**EXERCISE AIM**: Set every line of the data down again exactly, and keep the pictures out.

**DATA UNDER STUDY**:

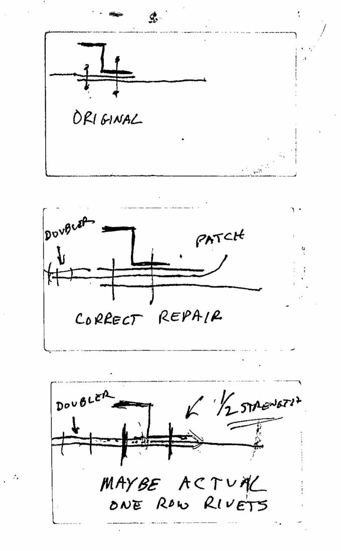 シュリード氏が描いた3つのイラストは、隔壁の断面を簡潔に示していた。1枚目は「正常な隔壁」2枚目は「正しく修理された場合の隔壁」そして3枚目に、事故機の隔壁の「継ぎ板」が途中で切れていることを“点線”で表現していた。
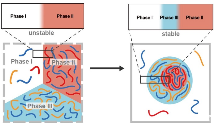 帶相反電荷的聚電解質(zhì)鏈在溶液中會(huì)發(fā)生液-液相分離,形成富含高分子的濃相(凝聚相)和幾乎不含高分子的稀相。這類復(fù)合凝聚現(xiàn)象與原始細(xì)胞模型、無(wú)膜細(xì)胞器的形成及生物分子的有序組裝結(jié)構(gòu)密切相關(guān),對(duì)理解生命體系具有重要意義。在液-液相分離過(guò)程中,界面張力是一個(gè)極為重要的物理性質(zhì),它決定了復(fù)合凝聚物的許多基本特征,對(duì)多個(gè)領(lǐng)域的應(yīng)用有著決定性影響。
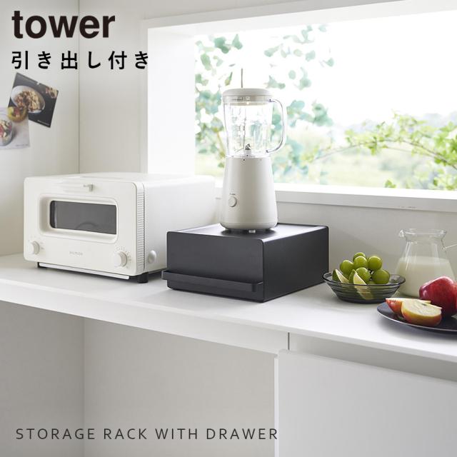 キッチン家電下ラック キッチン タワー tower 山崎実業 引き出し付きキッチン家電下ラック タワー
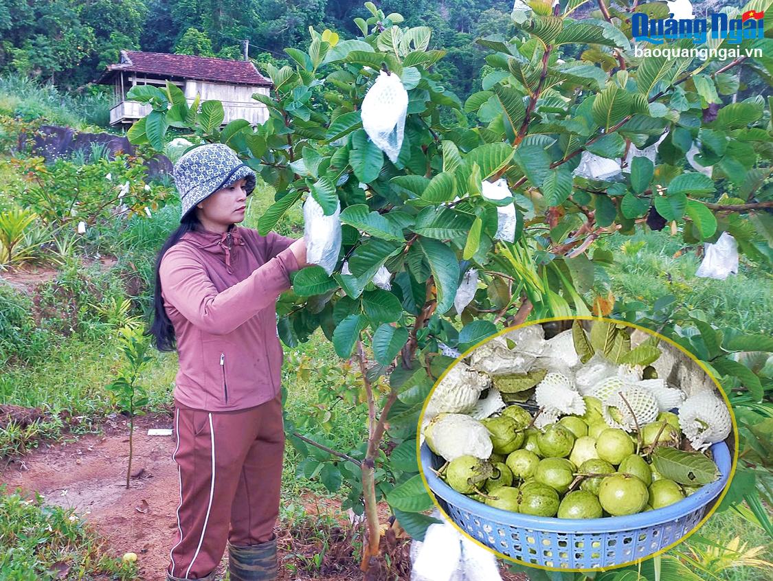 Chị Đinh Thị Bé, ở thôn Mang Hin, xã Sơn Long (Sơn Tây), thực hiện mô hình trồng ổi đem lại hiệu quả kinh tế cao. Ảnh: TRUNG ÂN
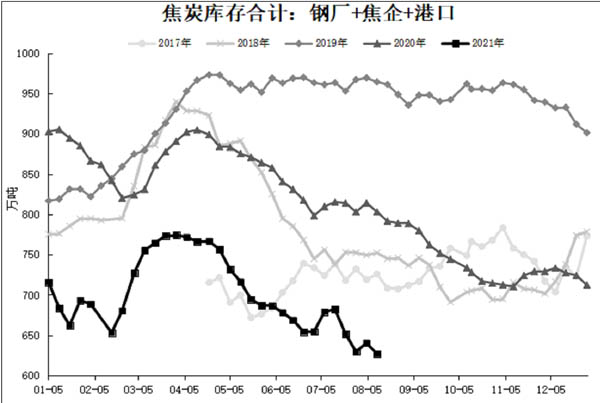 kucunfangmian,suiranjinqijiaotangongxuliangduanjunyouxiajiang,youqixuqiuhuiluofudumingxian,danjiaotanshangweixingchengyouxiaoleikuqushi,qierengzaiqukucun。shangzhou,jiaotanyangbenzongkucunwei626.77萬噸,環比減少13.61萬噸,同比減少176.15萬噸。分結構來看,焦企內焦炭庫存基本處於往年同期水平,庫存壓力不大;鋼廠焦炭庫存連續多周下降,處於中低位水平;港口焦炭庫存在曆史低位波動,期現套利空間不大,貿易商集港情緒不高。焦炭的低庫存狀態仍對焦價形成一定支撐。數據方麵,100家獨立焦化廠樣本焦炭庫存為33.63萬噸,環比減少1.14萬噸,同比減少4.31萬噸;110家鋼廠樣本焦炭庫存為423.04萬噸,環比減少3.97萬噸,同比減少68.94萬噸;港口庫存為170.1萬噸,環比減少8.5萬噸,同比減少108.4萬噸。
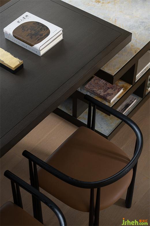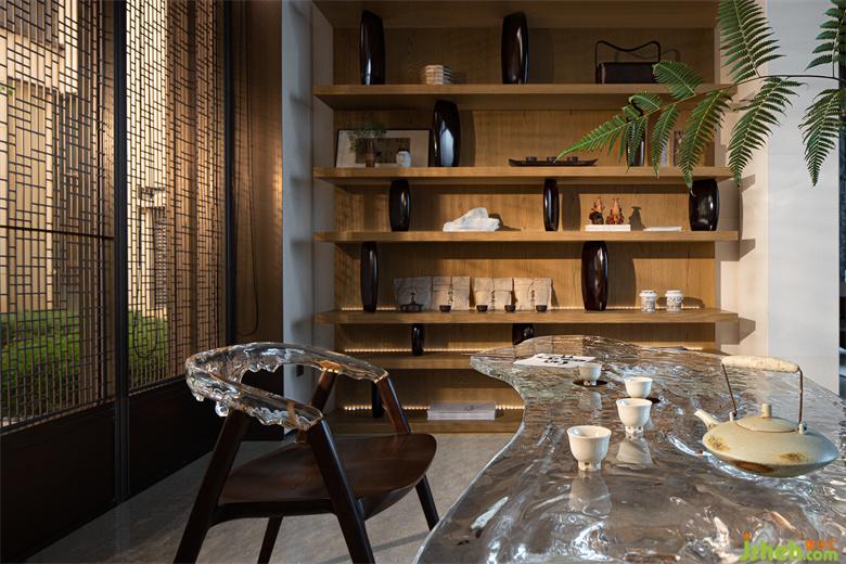 詩意空間設(shè)計嘗試從詩詞及文學(xué)意象中汲取靈感,營造當(dāng)代東方的空間詩性表達,茶室端景一株清靈的水橫枝盆景,柏悅公館會所設(shè)計映襯著橫紋墻布上的隱隱光澤,意境清逸幽淡,點染成一處幽美婉約詞境。

**PROBLEM SOLUTION**:
 シュリード氏が描いた3つのイラストは、隔壁の断面を簡潔に示していた。1枚目は「正常な隔壁」2枚目は「正しく修理された場合の隔壁」そして3枚目に、事故機の隔壁の「継ぎ板」が途中で切れていることを“点線”で表現していた。
 帶相反電荷的聚電解質(zhì)鏈在溶液中會(huì)發(fā)生液-液相分離,形成富含高分子的濃相(凝聚相)和幾乎不含高分子的稀相。這類復(fù)合凝聚現(xiàn)象與原始細(xì)胞模型、無(wú)膜細(xì)胞器的形成及生物分子的有序組裝結(jié)構(gòu)密切相關(guān),對(duì)理解生命體系具有重要意義。在液-液相分離過(guò)程中,界面張力是一個(gè)極為重要的物理性質(zhì),它決定了復(fù)合凝聚物的許多基本特征,對(duì)多個(gè)領(lǐng)域的應(yīng)用有著決定性影響。
 キッチン家電下ラック キッチン タワー tower 山崎実業 引き出し付きキッチン家電下ラック タワー
 Chị Đinh Thị Bé, ở thôn Mang Hin, xã Sơn Long (Sơn Tây), thực hiện mô hình trồng ổi đem lại hiệu quả kinh tế cao. Ảnh: TRUNG ÂN
 kucunfangmian,suiranjinqijiaotangongxuliangduanjunyouxiajiang,youqixuqiuhuiluofudumingxian,danjiaotanshangweixingchengyouxiaoleikuqushi,qierengzaiqukucun。shangzhou,jiaotanyangbenzongkucunwei626.77萬噸,環比減少13.61萬噸,同比減少176.15萬噸。分結構來看,焦企內焦炭庫存基本處於往年同期水平,庫存壓力不大;鋼廠焦炭庫存連續多周下降,處於中低位水平;港口焦炭庫存在曆史低位波動,期現套利空間不大,貿易商集港情緒不高。焦炭的低庫存狀態仍對焦價形成一定支撐。數據方麵,100家獨立焦化廠樣本焦炭庫存為33.63萬噸,環比減少1.14萬噸,同比減少4.31萬噸;110家鋼廠樣本焦炭庫存為423.04萬噸,環比減少3.97萬噸,同比減少68.94萬噸;港口庫存為170.1萬噸,環比減少8.5萬噸,同比減少108.4萬噸。
 詩意空間設(shè)計嘗試從詩詞及文學(xué)意象中汲取靈感,營造當(dāng)代東方的空間詩性表達,茶室端景一株清靈的水橫枝盆景,柏悅公館會所設(shè)計映襯著橫紋墻布上的隱隱光澤,意境清逸幽淡,點染成一處幽美婉約詞境。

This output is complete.